Noise and statistical analysis

Tyler Cowen quotes a story in the Atlantic about a study that finds that genetic variation can explain 11 percent of the variation in educational attainment.

consider that household income explains just 7 percent of the variation in educational attainment, which is less than what genes can now account for.

In any statistical study of this sort, I think it helps to think about the sources and impacts of mis-measurement of key variables.

For example, if you measure “educational attainment” as years of schooling, you are ignoring differences in quality. You also have to deal with artificial factors that push people toward specific numbers. If you count graduating high school counts as 12, then a lot people who are actually below that will have been carried along to that point, and some people who continue to teach themselves in a non-school setting will be stuck on that point.

Also, household income is a noisy measure of overall economic status. Maybe this year the household earned much less than usual, or much more.

Measurement error in either the independent variable, the dependent variable, or both, will drive down the percentage of variation that is “explained” by the independent variable.

Also, genetic characteristics and household income may be correlated. If the former is measured more precisely than the latter, then the former will appear to matter more.

6 thoughts on “Noise and statistical analysis

  1. It would be nice to see people compete in all sorts of tournaments in order to prove what they are capable of. Without prizes, it’s hard to tell. We know the ranking of competitive chess players, and marathoners, and how much the Kardashians seem to make, but not much about how “smart” someone is after graduating with a B.A, or how “smart” they are leaving high school.
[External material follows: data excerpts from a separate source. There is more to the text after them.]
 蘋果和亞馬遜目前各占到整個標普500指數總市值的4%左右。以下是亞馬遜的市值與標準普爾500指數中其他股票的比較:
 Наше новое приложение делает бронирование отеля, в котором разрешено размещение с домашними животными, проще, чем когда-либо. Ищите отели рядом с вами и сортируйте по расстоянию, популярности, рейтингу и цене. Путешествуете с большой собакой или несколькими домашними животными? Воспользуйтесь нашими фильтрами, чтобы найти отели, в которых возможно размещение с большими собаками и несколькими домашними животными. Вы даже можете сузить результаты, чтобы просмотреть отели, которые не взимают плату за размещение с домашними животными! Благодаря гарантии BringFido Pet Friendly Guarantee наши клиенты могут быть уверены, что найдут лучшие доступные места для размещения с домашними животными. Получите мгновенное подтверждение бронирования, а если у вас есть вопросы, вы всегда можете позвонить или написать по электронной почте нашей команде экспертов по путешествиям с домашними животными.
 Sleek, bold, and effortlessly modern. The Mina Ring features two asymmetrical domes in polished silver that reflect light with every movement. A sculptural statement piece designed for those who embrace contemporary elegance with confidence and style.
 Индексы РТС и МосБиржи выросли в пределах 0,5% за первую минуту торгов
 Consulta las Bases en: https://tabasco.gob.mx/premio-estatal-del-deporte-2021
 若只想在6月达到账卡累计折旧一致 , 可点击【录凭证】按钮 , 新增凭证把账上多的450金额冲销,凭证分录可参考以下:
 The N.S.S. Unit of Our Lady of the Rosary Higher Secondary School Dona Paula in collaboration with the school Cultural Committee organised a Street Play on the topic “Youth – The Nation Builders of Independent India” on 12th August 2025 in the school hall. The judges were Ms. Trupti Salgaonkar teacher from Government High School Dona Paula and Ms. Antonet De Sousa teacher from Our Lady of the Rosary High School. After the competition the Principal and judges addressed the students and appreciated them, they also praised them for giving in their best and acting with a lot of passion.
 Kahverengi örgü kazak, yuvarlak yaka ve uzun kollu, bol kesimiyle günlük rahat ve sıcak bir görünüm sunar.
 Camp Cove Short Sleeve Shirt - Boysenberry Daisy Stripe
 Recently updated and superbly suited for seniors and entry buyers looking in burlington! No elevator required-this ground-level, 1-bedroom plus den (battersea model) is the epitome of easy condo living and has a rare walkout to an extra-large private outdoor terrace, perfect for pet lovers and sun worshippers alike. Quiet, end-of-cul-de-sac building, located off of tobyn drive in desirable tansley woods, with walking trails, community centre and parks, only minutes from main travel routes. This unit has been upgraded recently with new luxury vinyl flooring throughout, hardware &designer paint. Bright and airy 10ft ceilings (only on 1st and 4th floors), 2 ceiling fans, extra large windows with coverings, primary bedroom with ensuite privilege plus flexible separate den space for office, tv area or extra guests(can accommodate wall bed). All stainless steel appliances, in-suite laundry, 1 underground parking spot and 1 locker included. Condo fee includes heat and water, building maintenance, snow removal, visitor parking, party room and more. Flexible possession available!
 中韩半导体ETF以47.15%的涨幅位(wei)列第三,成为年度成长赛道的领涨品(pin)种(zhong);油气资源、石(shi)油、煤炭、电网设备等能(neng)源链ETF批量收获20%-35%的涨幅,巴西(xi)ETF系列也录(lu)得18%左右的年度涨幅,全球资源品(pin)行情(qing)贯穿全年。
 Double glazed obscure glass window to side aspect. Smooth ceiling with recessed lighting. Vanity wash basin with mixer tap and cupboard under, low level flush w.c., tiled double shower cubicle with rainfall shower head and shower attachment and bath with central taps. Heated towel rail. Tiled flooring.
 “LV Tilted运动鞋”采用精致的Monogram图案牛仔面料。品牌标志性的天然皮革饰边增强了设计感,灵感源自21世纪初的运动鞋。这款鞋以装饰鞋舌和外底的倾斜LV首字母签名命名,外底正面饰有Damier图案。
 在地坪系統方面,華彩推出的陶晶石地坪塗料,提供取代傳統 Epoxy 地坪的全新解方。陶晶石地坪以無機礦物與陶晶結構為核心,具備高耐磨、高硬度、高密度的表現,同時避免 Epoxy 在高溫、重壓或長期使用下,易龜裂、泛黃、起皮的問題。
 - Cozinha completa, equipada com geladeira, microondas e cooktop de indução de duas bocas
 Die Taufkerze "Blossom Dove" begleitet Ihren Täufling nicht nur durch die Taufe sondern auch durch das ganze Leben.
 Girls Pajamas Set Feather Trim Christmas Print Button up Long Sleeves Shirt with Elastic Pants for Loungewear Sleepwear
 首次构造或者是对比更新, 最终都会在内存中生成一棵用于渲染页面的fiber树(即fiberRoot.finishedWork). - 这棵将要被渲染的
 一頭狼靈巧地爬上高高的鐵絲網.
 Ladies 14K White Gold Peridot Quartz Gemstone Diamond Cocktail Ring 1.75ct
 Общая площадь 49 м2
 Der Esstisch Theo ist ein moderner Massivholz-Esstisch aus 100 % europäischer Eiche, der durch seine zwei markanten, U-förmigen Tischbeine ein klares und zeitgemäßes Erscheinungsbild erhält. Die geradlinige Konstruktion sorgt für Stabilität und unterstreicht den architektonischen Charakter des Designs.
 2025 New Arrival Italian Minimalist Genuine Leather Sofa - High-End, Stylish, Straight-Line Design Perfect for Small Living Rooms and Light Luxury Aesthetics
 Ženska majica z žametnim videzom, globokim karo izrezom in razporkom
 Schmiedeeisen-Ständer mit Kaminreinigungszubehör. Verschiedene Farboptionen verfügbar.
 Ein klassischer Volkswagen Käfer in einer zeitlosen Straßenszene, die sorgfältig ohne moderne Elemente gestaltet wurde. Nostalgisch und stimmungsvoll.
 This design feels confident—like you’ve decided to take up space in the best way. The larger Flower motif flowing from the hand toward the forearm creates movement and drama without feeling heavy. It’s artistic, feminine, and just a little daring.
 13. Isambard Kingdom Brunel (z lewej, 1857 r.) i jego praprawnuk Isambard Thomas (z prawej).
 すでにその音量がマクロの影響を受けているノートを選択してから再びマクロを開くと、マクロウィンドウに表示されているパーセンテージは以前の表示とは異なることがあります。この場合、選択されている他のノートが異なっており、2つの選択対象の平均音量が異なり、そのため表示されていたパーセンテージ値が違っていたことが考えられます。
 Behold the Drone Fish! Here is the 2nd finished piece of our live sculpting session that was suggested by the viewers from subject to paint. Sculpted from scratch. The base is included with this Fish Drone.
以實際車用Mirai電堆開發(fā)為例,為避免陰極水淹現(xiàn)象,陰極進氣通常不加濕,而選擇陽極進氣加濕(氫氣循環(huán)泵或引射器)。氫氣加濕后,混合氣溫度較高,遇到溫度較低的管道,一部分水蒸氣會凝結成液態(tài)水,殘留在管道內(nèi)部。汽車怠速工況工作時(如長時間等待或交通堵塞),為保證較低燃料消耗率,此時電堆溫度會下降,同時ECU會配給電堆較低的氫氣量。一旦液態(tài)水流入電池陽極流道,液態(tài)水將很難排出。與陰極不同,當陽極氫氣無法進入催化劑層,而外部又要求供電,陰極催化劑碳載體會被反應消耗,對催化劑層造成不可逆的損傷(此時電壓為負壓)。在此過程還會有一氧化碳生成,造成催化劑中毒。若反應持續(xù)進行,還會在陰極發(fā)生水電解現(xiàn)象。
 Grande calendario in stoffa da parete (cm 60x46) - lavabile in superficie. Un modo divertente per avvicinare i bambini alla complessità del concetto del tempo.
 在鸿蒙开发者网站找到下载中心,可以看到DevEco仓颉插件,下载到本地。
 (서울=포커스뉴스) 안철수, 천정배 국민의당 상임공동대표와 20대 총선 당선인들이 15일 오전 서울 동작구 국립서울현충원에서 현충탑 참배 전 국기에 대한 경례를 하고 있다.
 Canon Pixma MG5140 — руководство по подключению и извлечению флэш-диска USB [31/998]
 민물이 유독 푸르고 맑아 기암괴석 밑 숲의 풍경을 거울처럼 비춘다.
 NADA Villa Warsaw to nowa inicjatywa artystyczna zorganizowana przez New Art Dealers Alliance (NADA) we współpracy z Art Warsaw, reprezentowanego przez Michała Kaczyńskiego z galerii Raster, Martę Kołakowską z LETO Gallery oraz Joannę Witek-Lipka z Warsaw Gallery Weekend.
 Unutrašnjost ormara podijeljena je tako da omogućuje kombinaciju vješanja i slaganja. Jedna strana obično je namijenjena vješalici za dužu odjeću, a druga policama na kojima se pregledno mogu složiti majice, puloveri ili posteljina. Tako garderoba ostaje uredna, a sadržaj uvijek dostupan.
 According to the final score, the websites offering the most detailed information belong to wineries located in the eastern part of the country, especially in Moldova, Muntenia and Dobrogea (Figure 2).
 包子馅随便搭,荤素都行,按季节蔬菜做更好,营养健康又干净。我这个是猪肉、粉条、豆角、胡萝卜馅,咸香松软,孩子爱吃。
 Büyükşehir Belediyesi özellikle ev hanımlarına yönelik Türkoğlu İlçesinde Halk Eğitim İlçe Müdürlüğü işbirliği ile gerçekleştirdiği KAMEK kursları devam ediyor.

    I wrote a long discursive post on this, sometime in the couple years, perhaps a half-baked post. For example, to actually see how much students learn in four years of college, they should take demanding exams with large prizes when they enter and then when they graduate. Otherwise all we know is that they attended for four years. If people could make, say, $5,000.00 taking a test that day, people might compete.

    Some fields are different–passing CPA exam or bar exam. But not enough.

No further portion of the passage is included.